Ela também é suspeita de ter exercido irregularmente a advocacia ao atuar em audiências de custódia na defesa de presos ligados a organizações criminosas, apesar de já ocupar o cargo de delegada.

QUEM É A DELEGADA?

A delegada tomou posse em 19 de dezembro do ano passado, em solenidade no Palácio dos Bandeirantes, sede do governo de São Paulo.

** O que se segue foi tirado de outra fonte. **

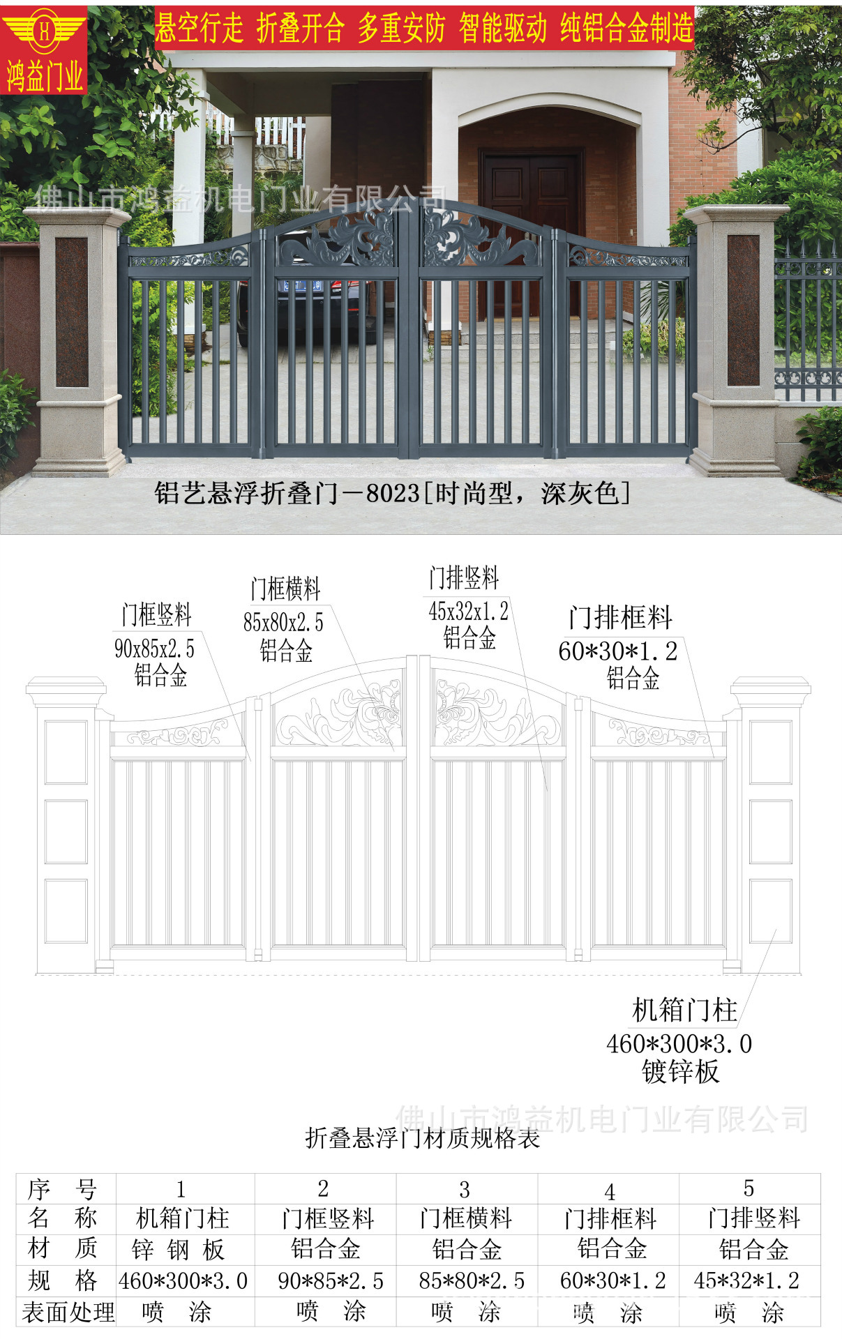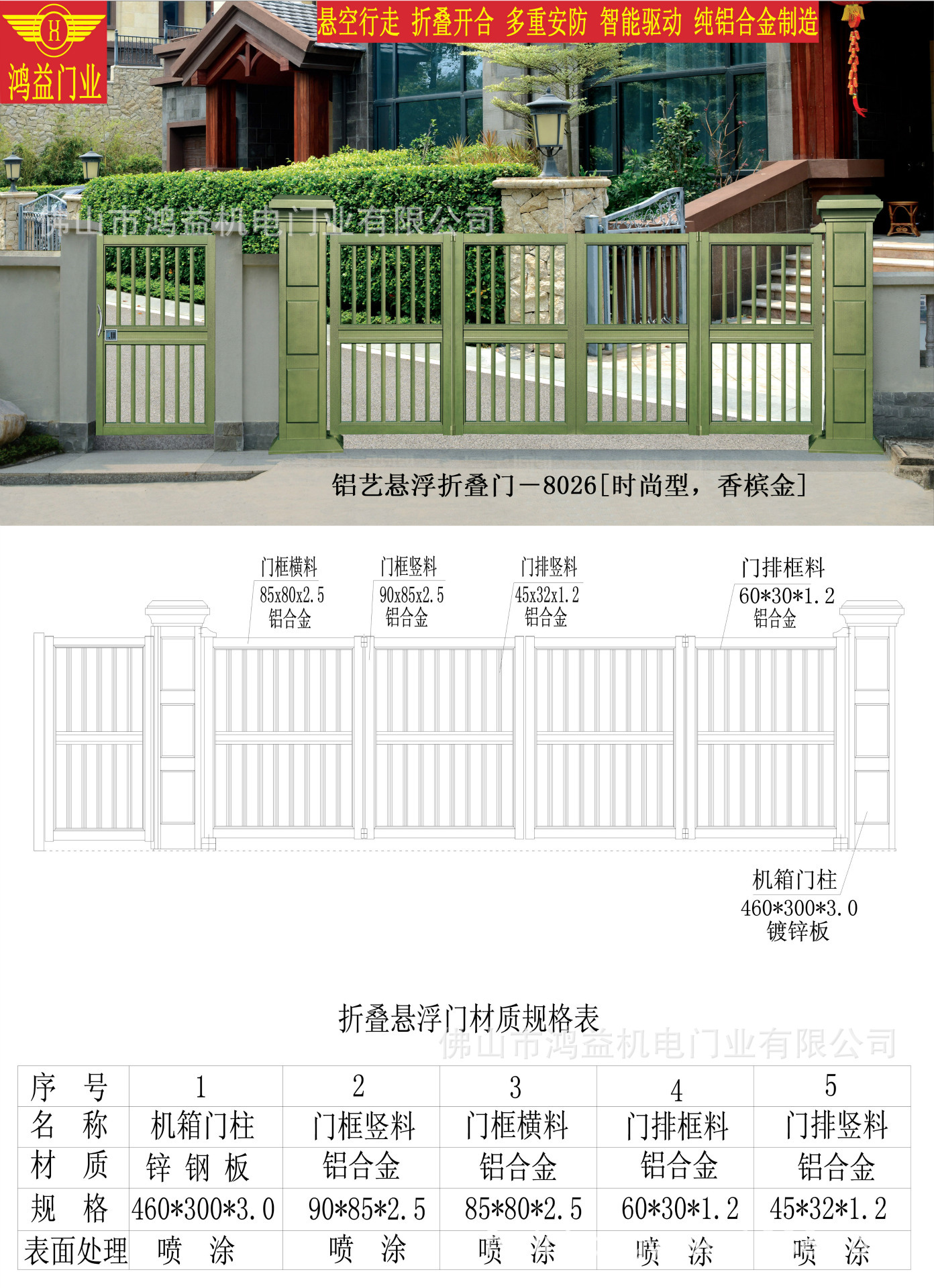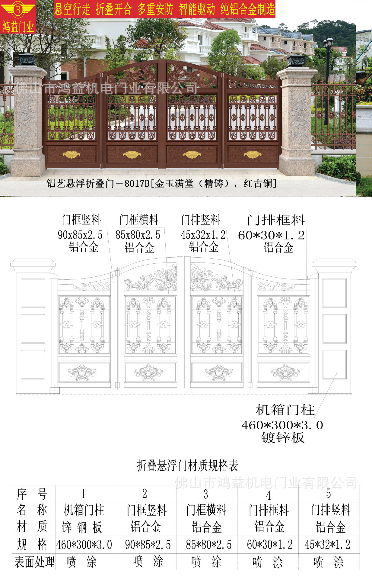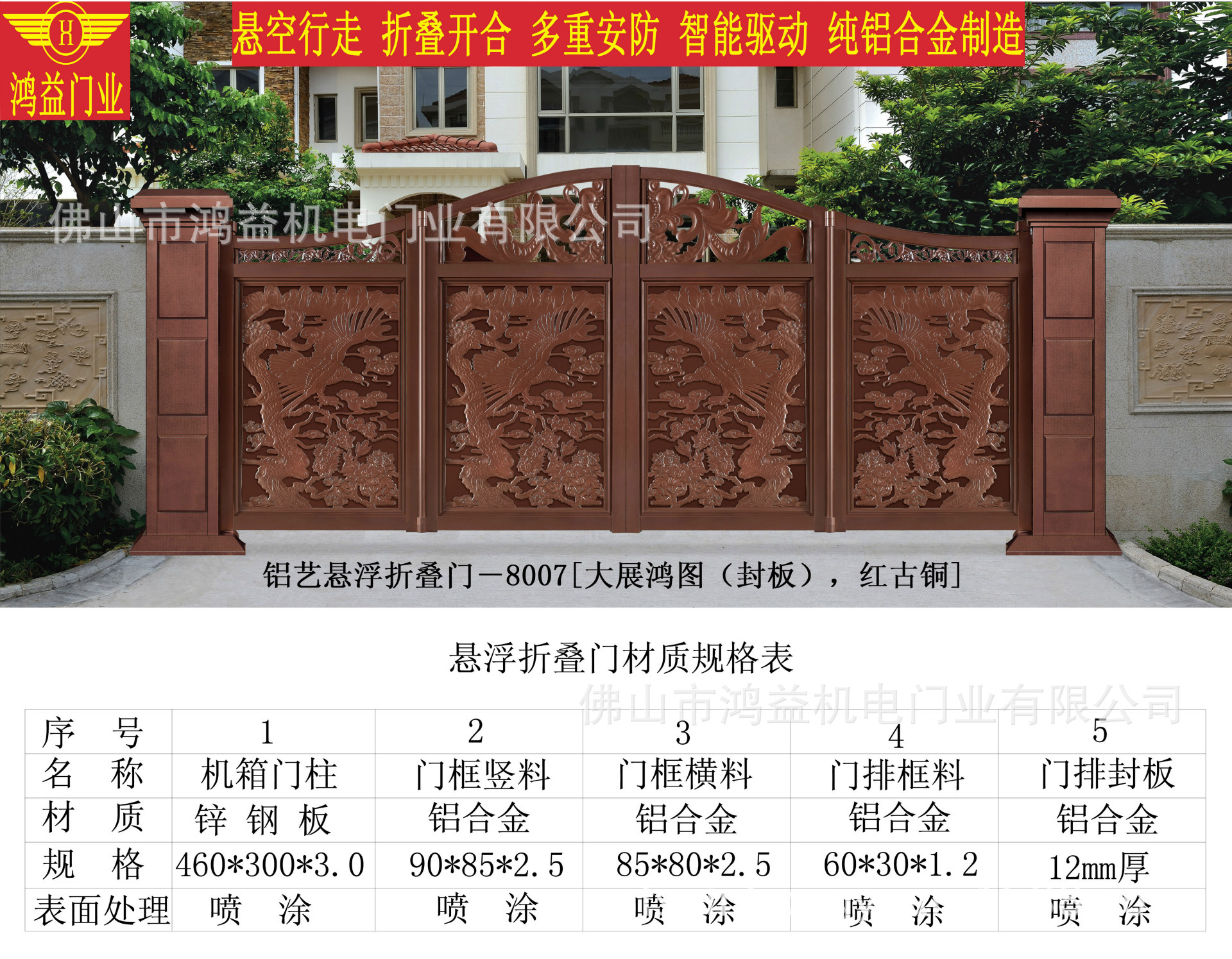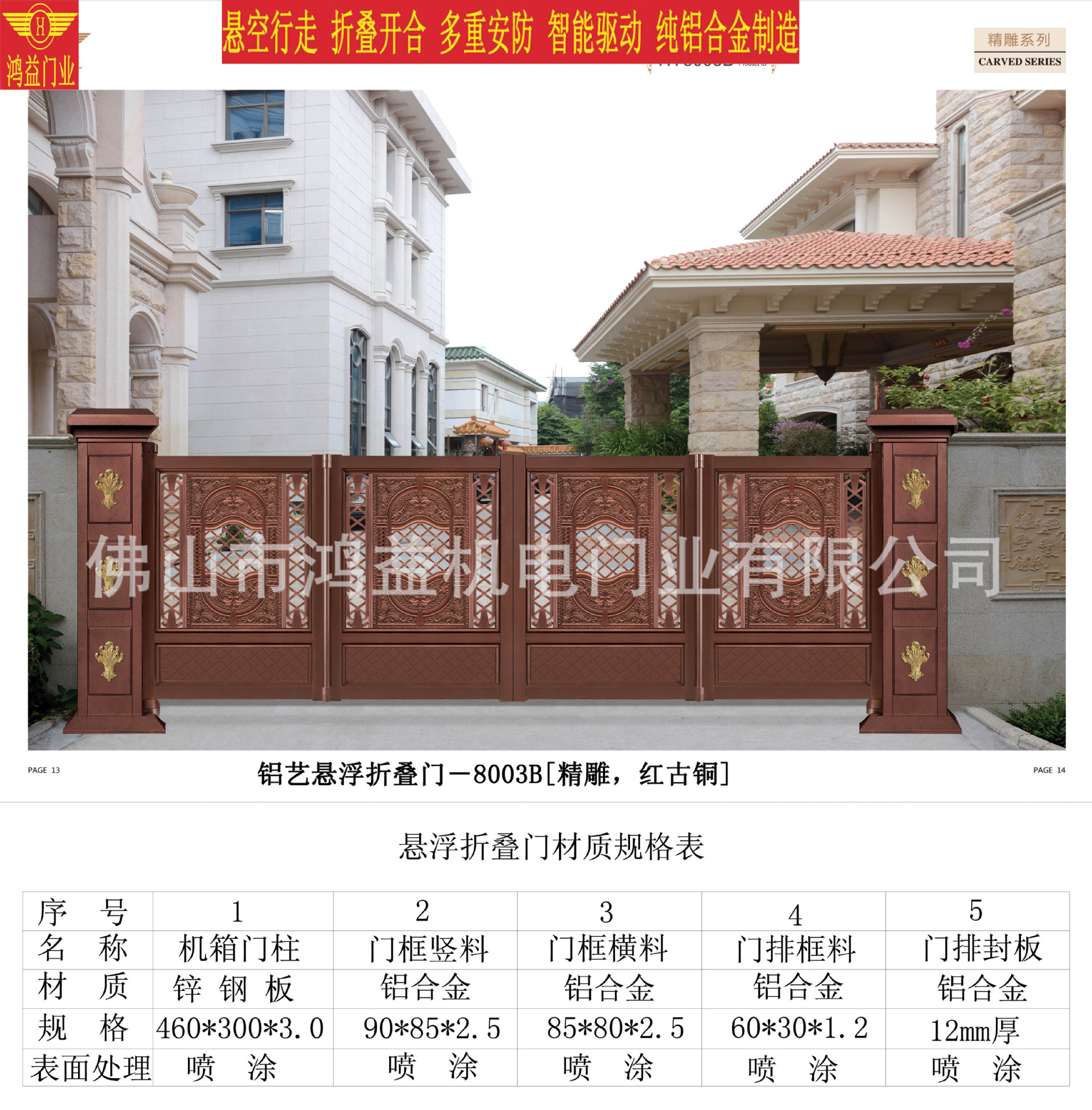 崇敬的客户:您好。我们公司在线销售多种产品型号,产品不停更新,可以根据客户要求展开定制。网站上显示的产品价钱仅供参考,愿意客户会知道。对于特定价钱,请通过电话或在线关系我们公司开展详尽咨询和谈判。我们将竭诚为您服务。鸿益机电门业智能铝艺折叠式别墅门诞生了,掀起了行业变革。世界上第一个独家专利技术,智能铝艺浮动式折叠门是鸿益机电门业公司一个震世的作,立刻获取了成功。产品一经推出便赢得了市场的赞誉和普遍认可。该产品的技术含量和性能优势是其他门产品所无法比拟的;

Layla Lima Ayub | FOTO: Reprodução

Na ocasião, ela estava acompanhada do namorado, Jardel Neto Pereira da Cruz, apontado pelas autoridades como integrante do PCC e um dos chefes do tráfico de armas e drogas em Roraima. 

A pedido do Ministério Público, a Justiça decretou a prisão temporária dela e do namorado. O casal é investigado pelos crimes de organização criminosa e lavagem de dinheiro. Além dos mandados de prisão, foram cumpridos sete mandados de busca e apreensão nas cidades de São Paulo e de Marabá (PA).

ADVOGADA DE FACCIONADOS

Segundo o Ministério Público, em 28 de dezembro do ano passado — nove dias após tomar posse como delegada na capital — Layla atuou como advogada na defesa de um dos quatro integrantes do PCC presos em flagrante pela Polícia Militar em Rondon do Pará.

As investigações também apontam que Layla e o namorado teriam adquirido uma padaria em Itaquera, na Zona Leste de São Paulo, com dinheiro de origem ilícita, utilizando o nome de um “laranja” para ocultar a real propriedade do negócio.